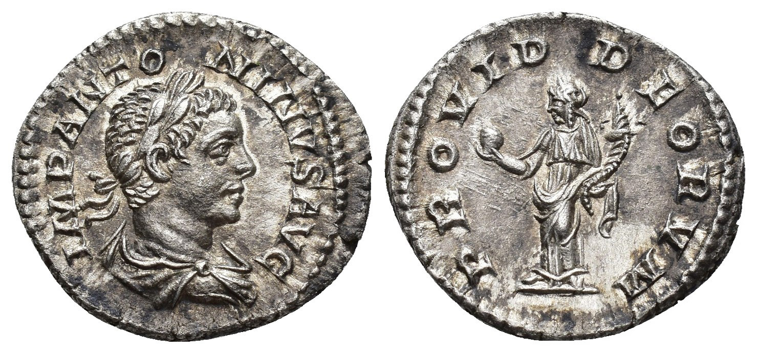 IMPERIO ROMANO. HELIOGÁBALO. Denario. Roma (218-222). A/ Busto laureado y drapeado a der.; IMP ANTONINVS AVG. R/ Providentia a izq. con globo y cornucopia; PROVID DEORVM. AR 3,03 g. 19,8 mm. RIC-128b. EBC.
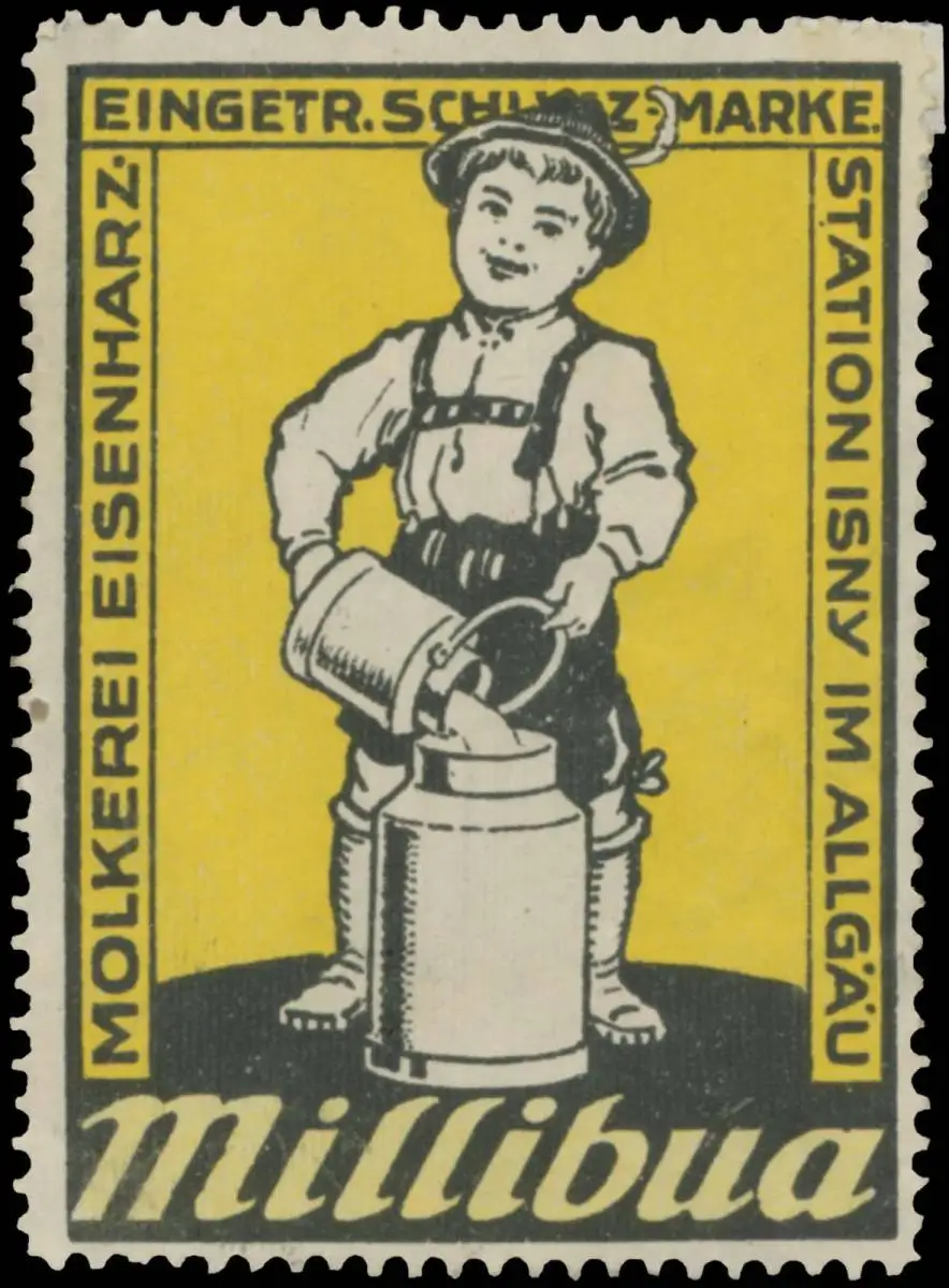 Milch, Käse, Allgäu, Größe/Zustand: 6x4 , guter Zustand, Original alte Reklamemarke die seinerzeit für die Werbung benutzt wurde
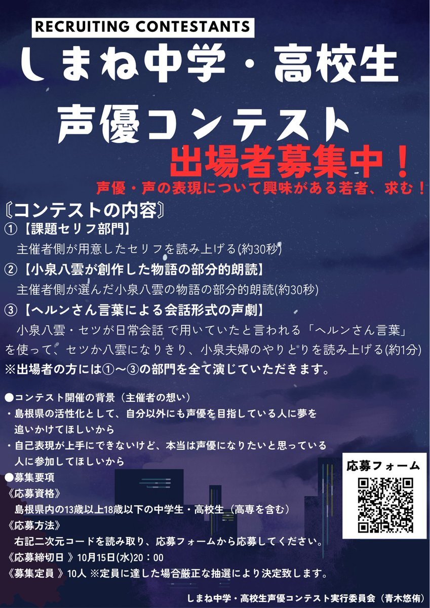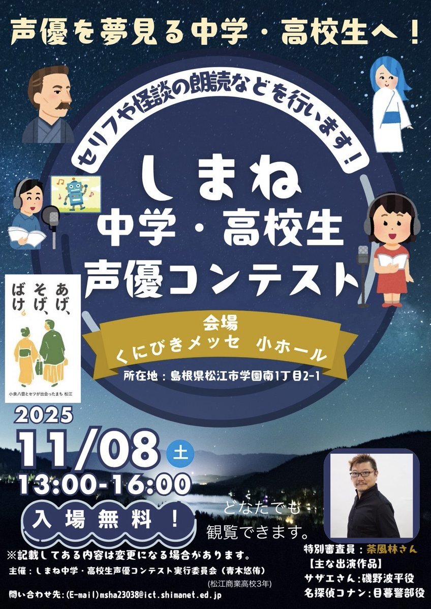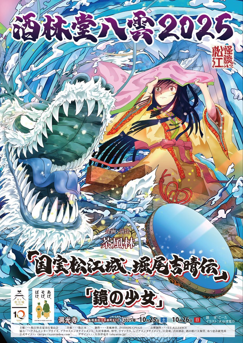 今回の酒林堂八雲2025は「国宝松江城、堀尾吉晴伝」、 そして小泉八雲原作「鏡の少女」も同時公演します! 茶風林、山口勝平、伊藤美紀、中原麻衣、川原慶久、鶴岡聡に加えて、肘岡拓朗、荒井萌、依藤聡の3名が追加出演決定! チケットはシマチケにて! まだ購入可能です! cul-shimane.jp/hall/ticket/
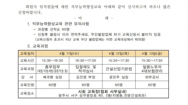 회원사 임직원 직무능력향상교육 실시 안내 페이지 정보 작성자 박진영 댓글 0건 조회 5,102회 작성일 2018-03-27 18:13 목록 본문 신청은 첨부된 공문을 참조하십시오. 첨부파일 b0e3454b_제118호_-_회원사_임직원_직무능력향상교육_실시_안내.pdf (100byte) 557회 다운로드 | DATE : 2018-03-27 18:13:00
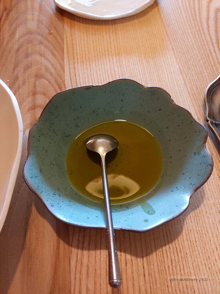 Camargue oyster in shell poached over fire with apple dice and apple foam
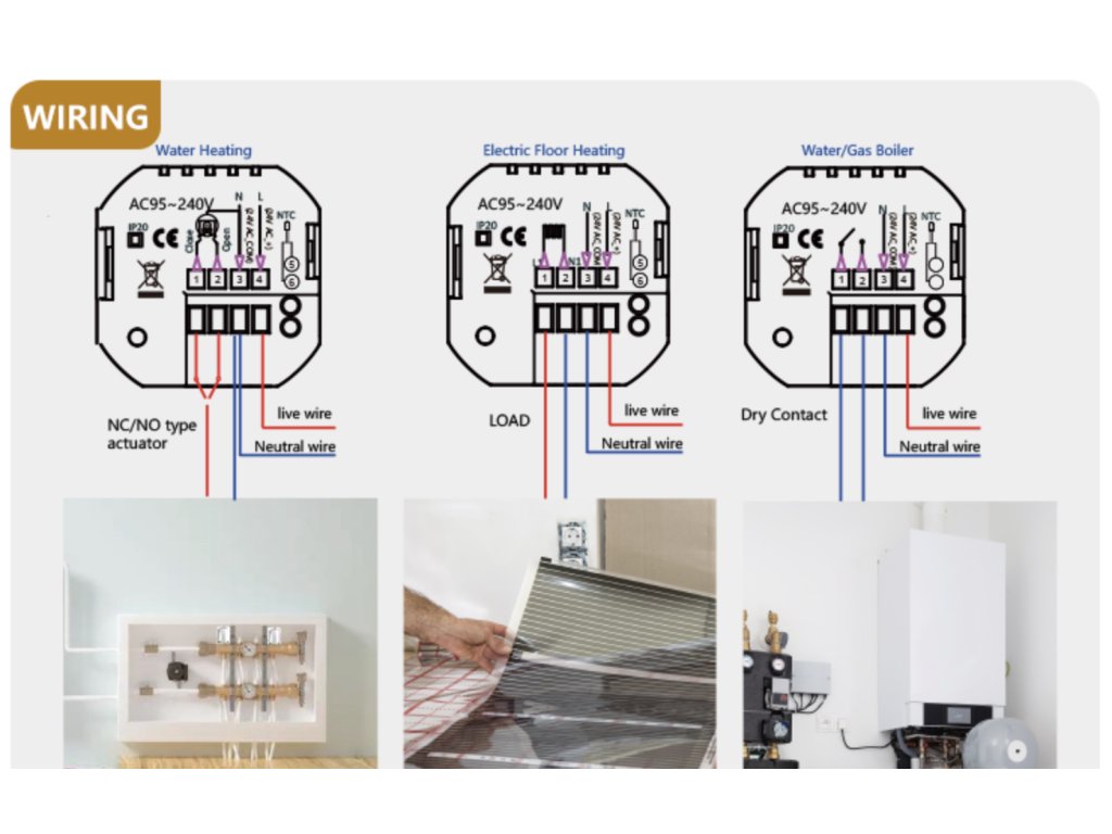 Inteligentny termostat pokojowy, WiFi 2,4 GHz, opcja 16 A lub 3 A, wyświetlacz dotykowy, możliwość ustawienia temperatury w zakresie od 5°C do 35°C, służy do regulacji: systemu ogrzewania, kotła, kotła i innych, aplikacja mobilna Tuya Smart / Smart Life, kompatybilny z Asystentem Google, Amazon Alexa, biały lub czarny design.
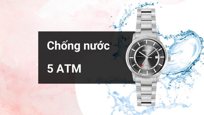 - Hệ số chống nước của đồng hồ nam là 5 ATM, thoải mái sử dụng khi tắm, đi mưa, rửa tay. Tuy nhiên, nên để nơi khô ráo khi bơi lội hay lặn
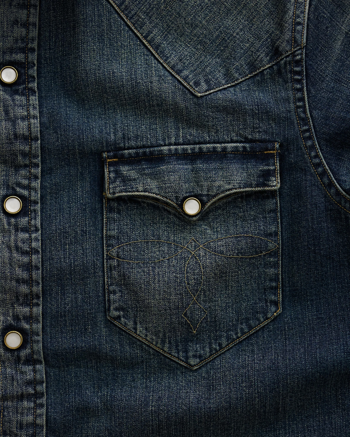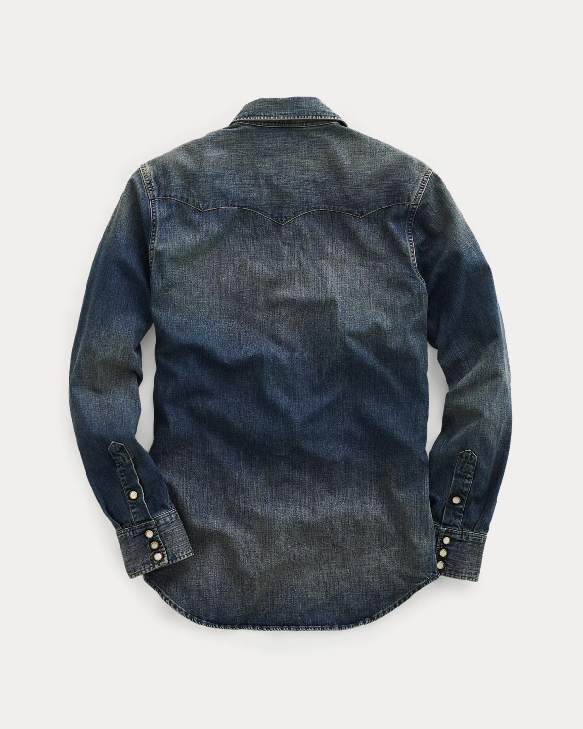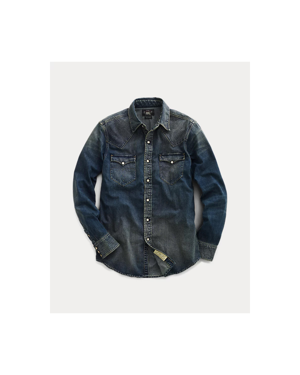 Nauwsluitend western overhemd van het merk RRL, gemaakt van Japans indigo denim. Voorzien van triple-needle kettingsteek voor extra duurzaamheid. Afgewerkt met speciaal vervaardigde Japanse drukknopen met hoge rand.
■ ■ ■ ■
:: The task ::
What you return should be the whole listing, word for word, without its pictures.

:: Response to this exercise ::
 IMPERIO ROMANO. HELIOGÁBALO. Denario. Roma (218-222). A/ Busto laureado y drapeado a der.; IMP ANTONINVS AVG. R/ Providentia a izq. con globo y cornucopia; PROVID DEORVM. AR 3,03 g. 19,8 mm. RIC-128b. EBC.
 Milch, Käse, Allgäu, Größe/Zustand: 6x4 , guter Zustand, Original alte Reklamemarke die seinerzeit für die Werbung benutzt wurde
 今回の酒林堂八雲2025は「国宝松江城、堀尾吉晴伝」、 そして小泉八雲原作「鏡の少女」も同時公演します! 茶風林、山口勝平、伊藤美紀、中原麻衣、川原慶久、鶴岡聡に加えて、肘岡拓朗、荒井萌、依藤聡の3名が追加出演決定! チケットはシマチケにて! まだ購入可能です! cul-shimane.jp/hall/ticket/
 회원사 임직원 직무능력향상교육 실시 안내 페이지 정보 작성자 박진영 댓글 0건 조회 5,102회 작성일 2018-03-27 18:13 목록 본문 신청은 첨부된 공문을 참조하십시오. 첨부파일 b0e3454b_제118호_-_회원사_임직원_직무능력향상교육_실시_안내.pdf (100byte) 557회 다운로드 | DATE : 2018-03-27 18:13:00
 Camargue oyster in shell poached over fire with apple dice and apple foam
 Inteligentny termostat pokojowy, WiFi 2,4 GHz, opcja 16 A lub 3 A, wyświetlacz dotykowy, możliwość ustawienia temperatury w zakresie od 5°C do 35°C, służy do regulacji: systemu ogrzewania, kotła, kotła i innych, aplikacja mobilna Tuya Smart / Smart Life, kompatybilny z Asystentem Google, Amazon Alexa, biały lub czarny design.
 - Hệ số chống nước của đồng hồ nam là 5 ATM, thoải mái sử dụng khi tắm, đi mưa, rửa tay. Tuy nhiên, nên để nơi khô ráo khi bơi lội hay lặn
 Nauwsluitend western overhemd van het merk RRL, gemaakt van Japans indigo denim. Voorzien van triple-needle kettingsteek voor extra duurzaamheid. Afgewerkt met speciaal vervaardigde Japanse drukknopen met hoge rand.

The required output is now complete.